The grove lets students and neighbors see what the land looked like before it was built upon, when the city in a garden was more like a farmland in a swamp. Much of the area was soggy grassland with scattered trees. In the early spring or late fall, NEIU students and faculty from the geography and environmental studies and biology departments conduct a carefully controlled burn of the savanna to emulate the seasonal fires that happened before the city was established. Fires started by either lightning or Native Americans would open up the woodland and allow prairie plants and grasses to grow. The oak trees’ thick bark means they survive the burn. Neighbors – including WTTW employees – often come out to watch the event.
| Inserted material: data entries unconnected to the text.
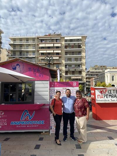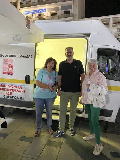 "Από τις 10 έως και τις 14 Οκτωβρίου πραγματοποιήθηκε πενθήμερη κλινική εξέταση μαστού σε συνολικά 7 βάρδιες για τον γενικό πληθυσμό, στην Κινητή Μονάδα Υγείας της Γενικής Διεύθυνσης Δημόσιας Υγείας και Κοινωνικής Μέριμνας της Περιφέρειας Δυτικής Ελλάδας, στην Πλατεία Γεωργίου.
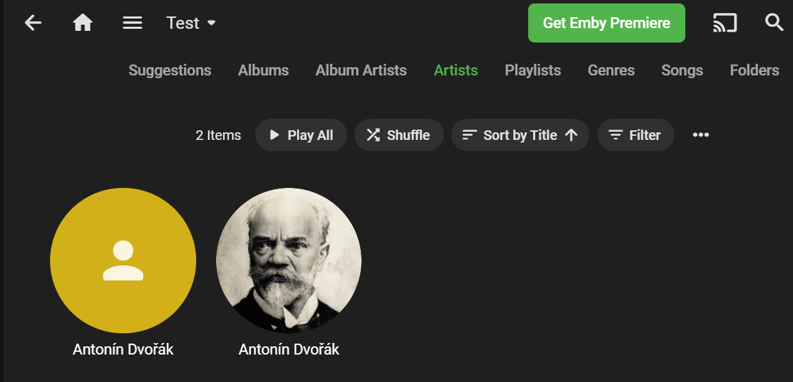Coert000 0 Posted February 28, 2021 Posted February 28, 2021 My libraries show the same artist name showing up many times in "Artist" view. I noticed other people running into the same issue over the years, but have not found a solution. To help isolate this, I made a library with a single track. This .mp3 track is tagged as: ffprobe.txt The Emby library shows the artist twice Examining the metadata in Emby, I find The first artist icon has MusicBrainzId bb97bf2b-c325-4d00-982b-f2423f7d8c4a. The artist page on MusicBrainz show that this is Stephen Gunzenhauser (conductor) The second artist icon has MusicBrainzId 819eaeb2-8dd8-48a5-ad07-0bcd137985ef. The artist page on MusicBrainz show that this is indeed for Antonín Dvořák (composer) I get the impression that Emby gets confused about the multiple entries in the ID3 artist tag. This is where I run into a wall. Does Emby use this tag? If so why does it show up as Antonín Dvořák. Or why is there none for Slovenská filharmónia. Quote artist : Antonín Dvořák;Stephen Gunzenhauser (conductor);Slovenská filharmónia The server log shows: embyserver.txt test.txt
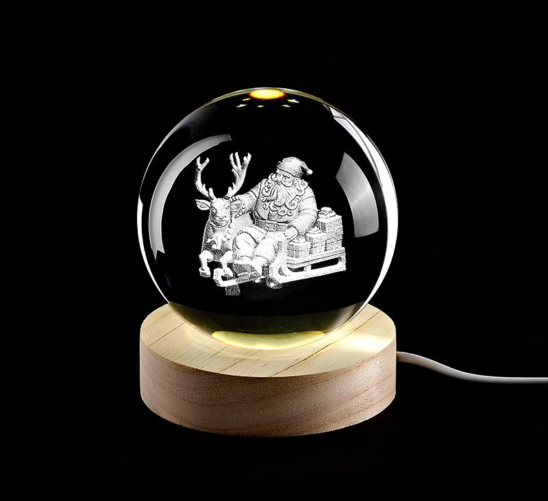 ΚΡΥΣΤΑΛΛΙΝΗ ΜΠΑΛΑ ΦΩΤΙΣΤΙΚΟ ΜΕ ΞΥΛΙΝΗ ΒΑΣΗ ΕΛΚΗΘΡΟ ΜΕ ΤΑΡΑΝΔΟ 8cm
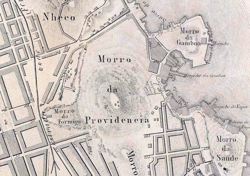 The southern tip of Providência Hill, later "consumed" by quarrying, was called Morro da Formiga (Ant Hill) in the 19th century. During the turn of the 20th century, Providência Hill was popularly referred to as Morro da Favela.
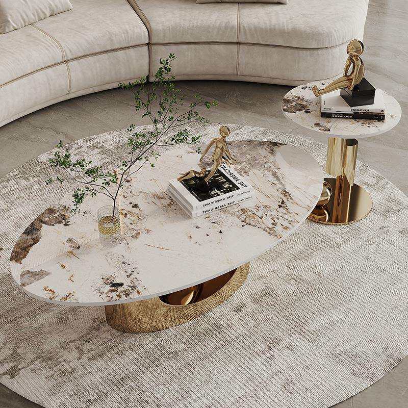 轻奢岩板大小茶几组合椭圆客厅后现代意式极简不锈钢设计师款桌类

The grove almost didn’t survive the university’s growth on campus. We spoke to Bill Howenstine, who was a professor of geography and environmental studies at the time. He said that his department began taking students to visit this grove of oaks in 1982 to learn about the Illinois ecosystem. But new campus buildings were being planned that threatened the grove’s existence. One of Bill’s students wrote a research paper with a plan to preserve the savanna. That student was working through Christmas vacation in 1984 when he saw workers cutting a seven-foot trench into the savanna to drain it, and he sounded the alarm. Word went up the chain right to the school’s president, who rushed to the site along with faculty members. When the president was brought up to speed, he agreed that the savanna should be preserved and the student’s plan was put into place. So the grove remains a little window to the past near our window to the world!